Now, researchers have connected 49 seismic events to impact craters, proving that meteorite strikes leave distinct seismic signatures on Mars. In the process, they also showed that seismic waves travel much deeper on Mars than expected, posing new questions about the Red Planet’s geology.

two mars impacts seen from satellite data
Visualization of two large, newly discovered co‐InSight impacts located near Cerberus Fossae. Image credits: Bicker et al (2025) / Geophysical Research Letters.

On Earth, most earthquakes result from plate tectonics — the slow movement of giant crustal plates that grind, slip, or collide. When this happens, they release seismic waves that propagate through the subsurface. Mars, however, lacks plate tectonics. So marsquakes must come from different sources, like meteorite impacts or the Cerberus Fossae fault system, which formed when the planet’s crust was pulled apart.

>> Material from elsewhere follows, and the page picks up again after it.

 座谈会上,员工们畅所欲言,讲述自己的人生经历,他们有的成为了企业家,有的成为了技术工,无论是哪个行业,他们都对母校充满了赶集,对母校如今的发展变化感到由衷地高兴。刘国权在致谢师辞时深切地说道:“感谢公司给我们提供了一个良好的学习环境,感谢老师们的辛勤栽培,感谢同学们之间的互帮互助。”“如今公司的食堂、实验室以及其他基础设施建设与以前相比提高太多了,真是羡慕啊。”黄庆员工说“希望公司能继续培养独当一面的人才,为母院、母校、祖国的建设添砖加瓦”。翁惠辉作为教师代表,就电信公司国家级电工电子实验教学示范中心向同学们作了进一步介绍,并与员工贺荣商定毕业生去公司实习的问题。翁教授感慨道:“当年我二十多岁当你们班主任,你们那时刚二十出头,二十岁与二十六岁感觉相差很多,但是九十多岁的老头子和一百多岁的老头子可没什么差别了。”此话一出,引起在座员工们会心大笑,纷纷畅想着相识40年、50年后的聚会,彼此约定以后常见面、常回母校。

While quakes can be pretty devastating, they can also be useful. Seismic waves are the best tool scientists have to peer inside a planet, especially since we can’t drill into the Martian mantle or core. When a quake or impact occurs, it generates P-waves (primary waves) and S-waves (secondary waves) that travel through different layers at varying speeds. By analyzing how these waves reflect, refract, or slow down as they move through the crust, mantle, and core, scientists can determine the composition and density of each layer.

Until now, researchers assumed that most marsquake waves were trapped in the crust, traveling slowly along a “waveguide” instead of penetrating deeper layers. However, two studies challenge this idea.

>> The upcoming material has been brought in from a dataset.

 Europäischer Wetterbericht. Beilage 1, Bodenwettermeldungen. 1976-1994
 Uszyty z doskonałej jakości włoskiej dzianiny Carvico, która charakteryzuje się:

“We used to think the energy detected from the vast majority of seismic events was stuck traveling within the Martian crust,” said InSight team member Constantinos Charalambous of Imperial College London. “This finding shows a deeper, faster path — call it a seismic highway — through the mantle, allowing quakes to reach more distant regions of the planet.”

Faster than expected

The fastest route for a seismic wave isn’t always the direct one. These waves have different velocities in different layers. Think of it this way: if I asked you to get to the other side of a lake, it could be faster to run around it rather than swim across it. Similarly, seismic waves bend and speed up as they travel through denser layers of a planet’s interior. So instead of moving in a straight line through the crust, which is less dense, some waves dive into the mantle, where they propagate at higher velocities, then curve back upwards towards the surface, reaching the seismometer. These waves can arrive faster than waves coming on a direct path, and this is what researchers observed in these studies.

When researchers matched seismic events to fresh impact craters using orbital images, they found that some waves arrived sooner than expected. Scientists pieced together seismic data with satellite imagery of Mars, correlating multiple impact events with seismic waves. They used a machine-learning analysis to catalog 123 fresh impact craters with their corresponding seismic events. In some instances, they were able to correlate mere pixels on visual data with craters and marsquakes.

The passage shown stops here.